Nakaz nie jest zatem za coś, ale w jakimś celu.
Natomiast, odnosząc się do pańskiego pytania: po pierwsze muszę podkreślić, że ja mam ograniczony dostęp do informacji, niezależnie od faktu, że kieruję Trybunałem. Sędziowie zdecydowali bowiem, że nakaz jest tajny. Ujawniono cztery okoliczności. Po pierwsze - fakt wydania dwóch nakazów. Po drugie - nazwiska osób, których te nakazy dotyczą. Po trzecie - podejrzenie popełnienia zbrodni, które jest podstawą tego nakazu, oraz po czwarte - formy popełnienia tych zbrodni.
Na jakich dowodach, na jakich okolicznościach opiera się nakaz? Tego na tym etapie postępowania nie wiemy, ja również tego nie wiem. Klauzula tajności działa również wobec mnie jako prezesa Trybunału. Natomiast przypuszczam, że w całej tej wielowątkowej, złożonej, skomplikowanej i wielkiej sprawie to właśnie ten wątek – deportacji dzieci - został w sposób najbardziej klarowny udowodniony.
Udowodniony przed rozprawą i wyrokiem?
Udowodniony, to znaczy, że istnieją materiały i informacje, które – podkreślam raz jeszcze: tak przypuszczam - pozwalają na sformułowanie podejrzenia popełnienia tych właśnie zbrodni przez te właśnie osoby i w tych formach, o których w nakazach mowa.
To oczywiście nie oznacza, że cała odpowiedzialność tych osób ogranicza się do tego, co wymieniono w nakazie.
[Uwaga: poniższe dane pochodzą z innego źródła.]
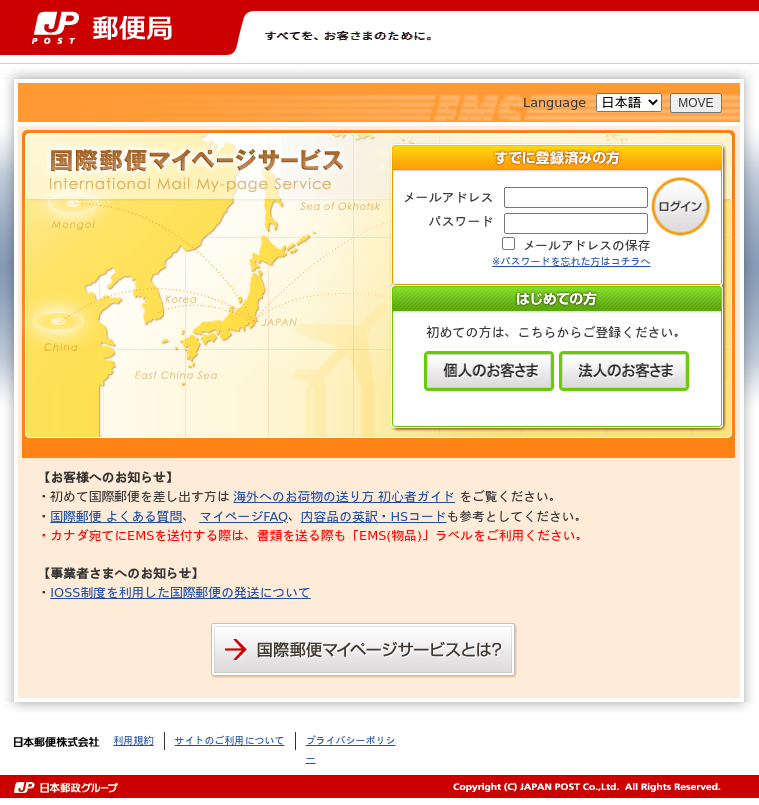 国際郵便マイページからログインします。

Dalsze postępowanie się toczy.
Czyli w przyszłości któreś z nich może zostać pociągnięte do odpowiedzialności za kolejne zbrodnie, na przykład te z Buczy czy Mariupola?
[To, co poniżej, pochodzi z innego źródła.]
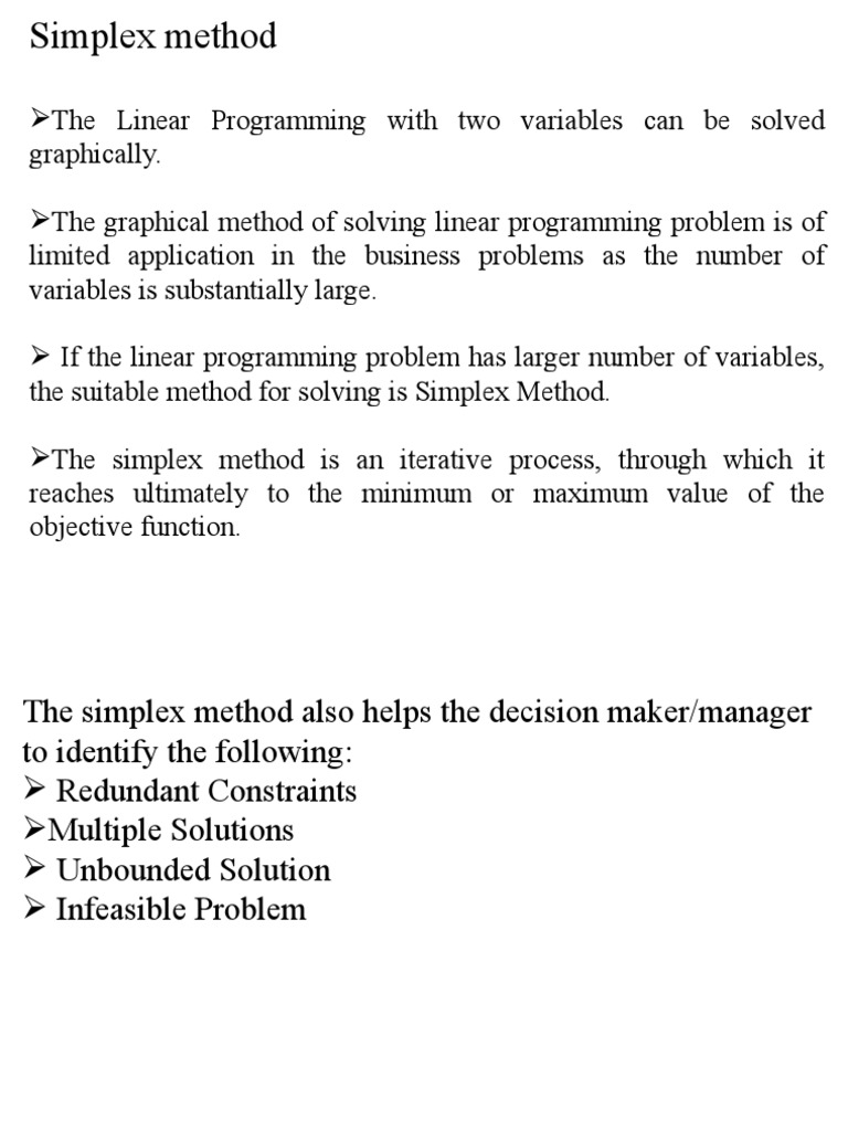 The simplex method also helps the decision maker/manager

Śledztwo prokuratora MTK jest wciąż w toku. Nie wiemy, co jeszcze przyniesie. Zakładam i domyślam się, że te wątki, o których pan wspominał, także są objęte postępowaniem. Zawartość nakazów to jest to, co wystarczy, aby Trybunał mógł sięgnąć po ten środek tymczasowy. Natomiast nie jest tak, że Trybunał zdecydował o ograniczeniu odpowiedzialności osób, przeciwko którym wydano nakazy, do tych tylko podejrzeń, które zostały tam sformułowane.
Z jakimi reakcjami się pan spotkał w społeczności międzynarodowej po decyzji MTK? Rzecznik Kremla Dmitrij Pieskow podkreślał, że Rosja nie uznaje jurysdykcji Trybunału, a jego decyzje są dla niej "niebyłe" z prawnego punktu widzenia.
Ja oczywiście nie jestem politykiem i wszystkie podteksty polityczne i zróżnicowanie reakcji świata w zależności od tego, po stronie jakich wartości dane państwo czy osoba się opowiada, leżą poza zakresem moich zainteresowań. Ale w pańskim pytaniu jest też szereg istotnych kwestii prawnych.
Po pierwsze - Trybunał posiada jurysdykcję w stosunku do wszystkich zbrodni ludobójstwa, zbrodni przeciwko ludzkości i zbrodni wojennych popełnionych na terytorium Ukrainy, bez względu na to, kto je popełnił.
To działa tak: Ukraina w sposób oczywisty ma jurysdykcję w stosunku do zbrodni i w ogóle wszelkich przestępstw popełnionych na swoim terytorium. Tak samo jak Polska ma jurysdykcję w stosunku do wszelkich zbrodni i przestępstw popełnionych na swoim terytorium. Ale jest też suwerennym krajem i może tę jurysdykcję przekazać.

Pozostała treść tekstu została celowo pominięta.